Un vissuto come quello di altre, quello di Atussa. Ma alla luce di questo vissuto, ai suoi occhi, le ambiguità e le cantonate delle femministe suonano come vere e proprie assurdità. «Sono stata anche arrestata. Mi hanno interrogato e perquisito perché avevo un pantalone con tante tasche. Hanno scritto un dossier su di me che mi impediva di lavorare in uffici pubblici. Non avendo vissuto tutto questo dice – le femministe non capiscono, fanno confusione, non sono lucide, e quindi pensano che coprirsi col velo sia una scelta personale da difendere».

L’incomprensione è drammatica, mortificante. «Sorprende – dice Atussa – che prendano posizione per la “scelta” di coprirsi e non per la libertà di chi il velo non lo vuole». «Prima di Masha Amini non avevamo voce» racconta.
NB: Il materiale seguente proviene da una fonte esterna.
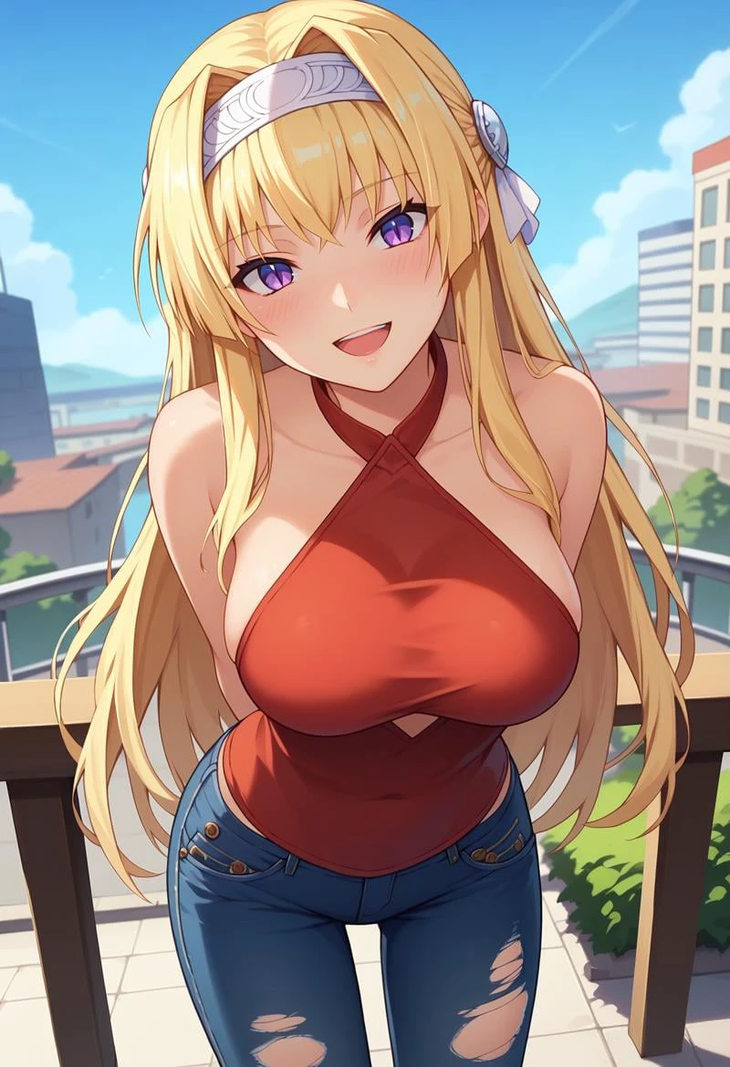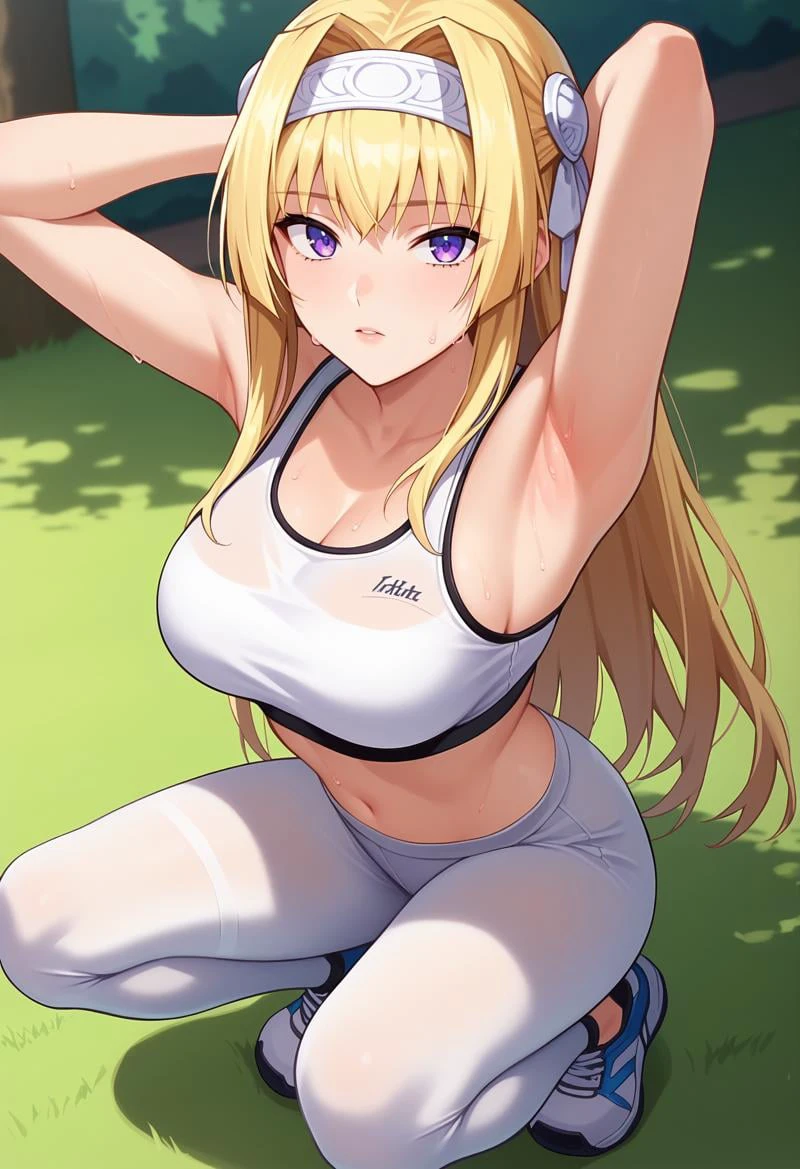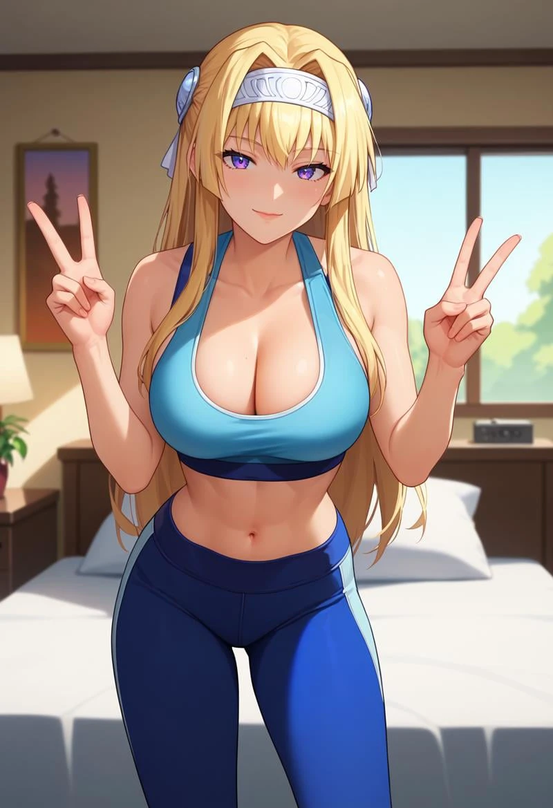 KJOalicia, blonde hair, purple eyes, long hair, headband,

All’inizio, alcuni gruppi in Italia hanno fatto qualcosa, in seguito niente: il vuoto. «Quando parli loro e dici: “Perché non ci aiutate a fare questa iniziativa?” ci rispondono offendendoci, dandoci etichette come “razziste” o “islamofobe”». «Purtroppo osserva – alcune di queste associazioni femministe, che seguono una visione di sinistra e sostengono idee anti-imperialiste, sembrano condividere dei valori con la Repubblica islamica». «Non riesco a mettermi nei loro panni», confessa. «Nell’islamismo ipotizza – ci sono elementi di estrema sinistra, o di estrema destra».

Ad Atussa piace definirsi una «attivista indipendente». Un anno fa, la lotta per la libertà in Iran si è riaccesa. Masha è stata uccisa per una ciocca di capelli fuori posto, e da quel giorno, da quell’orrore, è nata la forza disperata di una ribellione contro il regime teocratico. «Il governo dittatoriale iraniano è molto aggressivo. Tanti sono stati imprigionati, o impiccati. La repressione vuole mettere a tacere la rivoluzione» dice, e spiega che la rivolta non è «contro una religione o un modo di vestire, ma è una lotta contro un intero sistema di regime liberticida». Sa che l’aiuto dell’Occidente potrebbe «accelerare questo processo», ma sull’esito non ha dubbi: «Il popolo iraniano persevererà nella sua lotta contro il regime islamista e la vincerà, con o senza il supporto dell’Occidente e degli attivisti occidentali».